## DATASET RECORDS
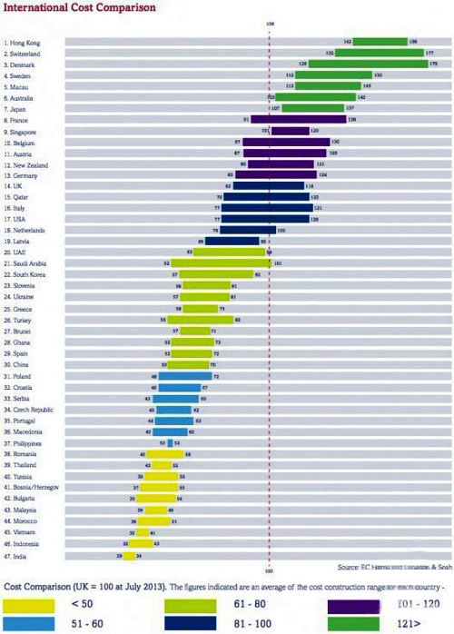 尽管2013年的经济不甚景气,但是欧洲仍然有6个最大的昂贵市场,这也体现了欧元面临巨大的挑战。世界在建筑中花费最多的地区有:
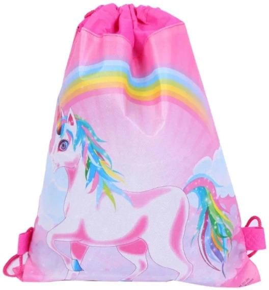 WOREK SZKOLNY Z JEDNOROŻCEM RÓŻOWY 35X27 CM Praktyczny worek z uroczym motywem jednorożca to doskonały dodatek dla dzieci do przedszkola, szkoły oraz na zajęcia dodatkowe.
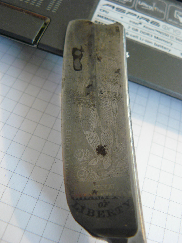 Re: "Frederick Reynolds", Sheffield. (!*)Неплох.. Взял на Ебее за 40$. Фото у лота были плохого качества, а я что то бдительность потерял. Привык, что всё в неплохом состоянии приходило. А тут получаю, ОППА!! Обушок какой-то очень нехороший человек на наждаке точил, непонятно с какой целью. Расстроился очень.. Но потом почистил, полирнул, поглядел, вроде ничего, сойдет. Заточилась бритва вообще без проблем, и бреет отлично. В общем сойдёт.
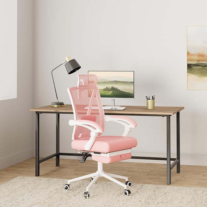 Misolant Ergonomic Office Chair with Footrest, Pink Desk Chair with Adjustable 2D Lumbar Support, High Back Mesh Ergonomic Office Chairs with Adjustable Headrest and Linkage Armrest
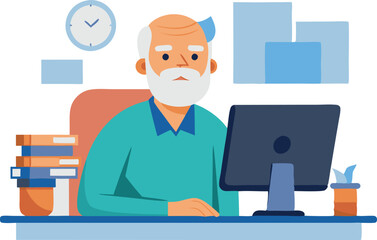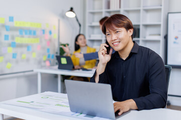 Smiling businessman working on a laptop computer in a modern office,doing finances, accounting analysis, report data pointing graph Freelance education and technology concept.
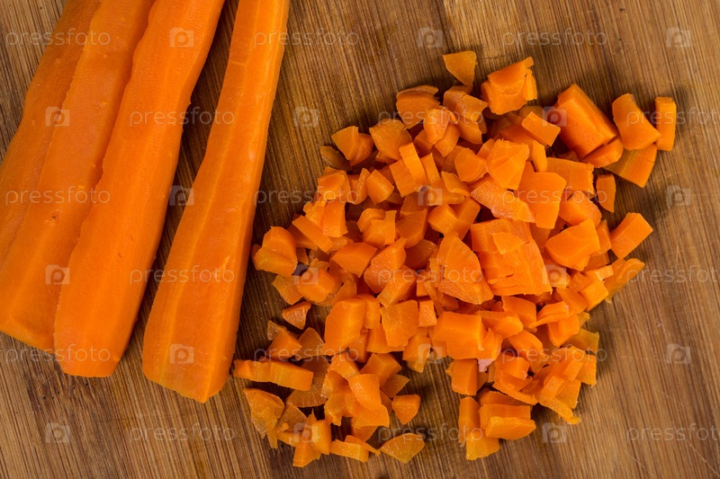 Нарезанная морковь на деревянной доске
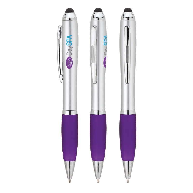 This twist-action ballpoint features an hourglass-shaped barrel with colored rubberized grip, metal clip,chrome trims and capacitive stylus that works with touch screen devices.

## EXERCISE DESCRIPTION
Line by line, reproduce the material above exactly, leaving each picture out.

## SOLUTION TO THE EXERCISE
 尽管2013年的经济不甚景气,但是欧洲仍然有6个最大的昂贵市场,这也体现了欧元面临巨大的挑战。世界在建筑中花费最多的地区有:
 WOREK SZKOLNY Z JEDNOROŻCEM RÓŻOWY 35X27 CM Praktyczny worek z uroczym motywem jednorożca to doskonały dodatek dla dzieci do przedszkola, szkoły oraz na zajęcia dodatkowe.
 Re: "Frederick Reynolds", Sheffield. (!*)Неплох.. Взял на Ебее за 40$. Фото у лота были плохого качества, а я что то бдительность потерял. Привык, что всё в неплохом состоянии приходило. А тут получаю, ОППА!! Обушок какой-то очень нехороший человек на наждаке точил, непонятно с какой целью. Расстроился очень.. Но потом почистил, полирнул, поглядел, вроде ничего, сойдет. Заточилась бритва вообще без проблем, и бреет отлично. В общем сойдёт.
 Misolant Ergonomic Office Chair with Footrest, Pink Desk Chair with Adjustable 2D Lumbar Support, High Back Mesh Ergonomic Office Chairs with Adjustable Headrest and Linkage Armrest
 Smiling businessman working on a laptop computer in a modern office,doing finances, accounting analysis, report data pointing graph Freelance education and technology concept.
 Нарезанная морковь на деревянной доске
 This twist-action ballpoint features an hourglass-shaped barrel with colored rubberized grip, metal clip,chrome trims and capacitive stylus that works with touch screen devices.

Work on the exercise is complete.